The Heritage Foundation highlights Sen. David Vitter’s (R-LA) 6 reasons to oppose comprehensive immigration.
IST. The Internet sales tax would certainly harm small businesses. Catesby Jones is a small business owner in Virginia whose business is made possible by the internet. He says he is very concerned about his business and other businesses like his if the Internet sales tax becomes law:
Proponents of the Internet sales tax want to make me a tax collector for 9,646 tax jurisdictions. Their misguided efforts could make Peace Frogs at risk for audits by 46 states, the District of Columbia and countless other U.S. territories.
We need as much help as we can get to educate Americans about this.
OBAMACARE. Today, HHS secretary Kathleen Sebelius will testify before Congress so that they can determine whether her recent fundraising efforts for Obamacare were done unethically and potentially illegally.

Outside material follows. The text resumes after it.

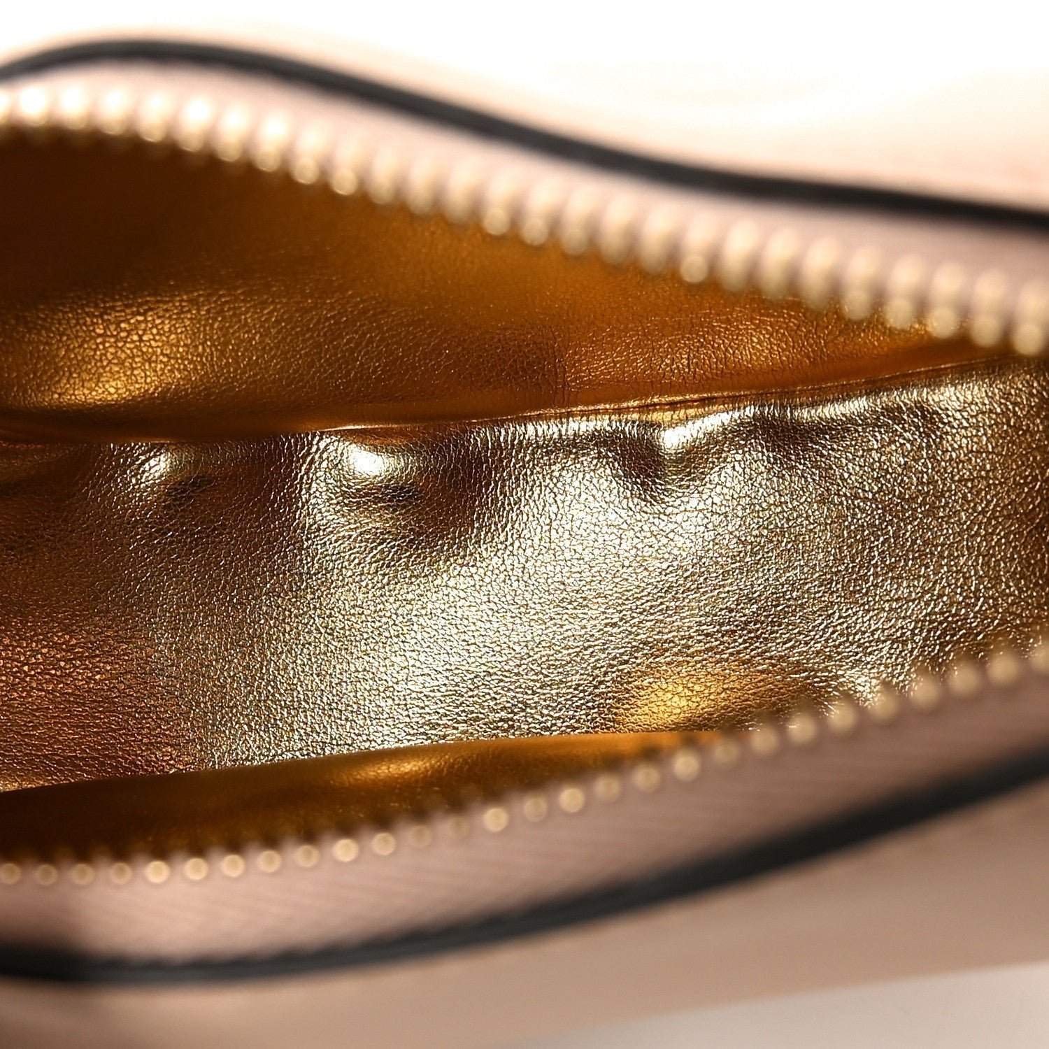 The charm’s defining feature is the oversized vintage gold-finish metal FENDI lettering applied to the base, which is prominently displayed when the bag is carried. It features a secure top zip closure that opens to reveal a gold leather interior. Designed for maximum versatility, it includes an adjustable strap with a clip, allowing it to be attached to larger totes as a decorative charm or worn around the wrist.

Thus far, she has failed to be forthcoming about her actions and fundraising solicitations:
Earlier this month, it was revealed that Sebelius has gone to various undisclosed health care companies asking for money to promote Obamacare. That money will go to an outside group that will help implement the cost-increasing law. The problem here is two-fold: First, Congress didn’t authorize the department to spend money in this way. Second, it could be a conflict of interest if she asked for money from companies that her department regulates. In other words, if they didn’t do as she wished, she would have the power to come after them. Before you assume that the federal government is above such behavior, consider the IRS.
On top of that, the outside private group, Enroll America, is run by a cadre of former Obama administration officials and Obama supporters. President Obama’s political allies could benefit from the Sebelius shakedown.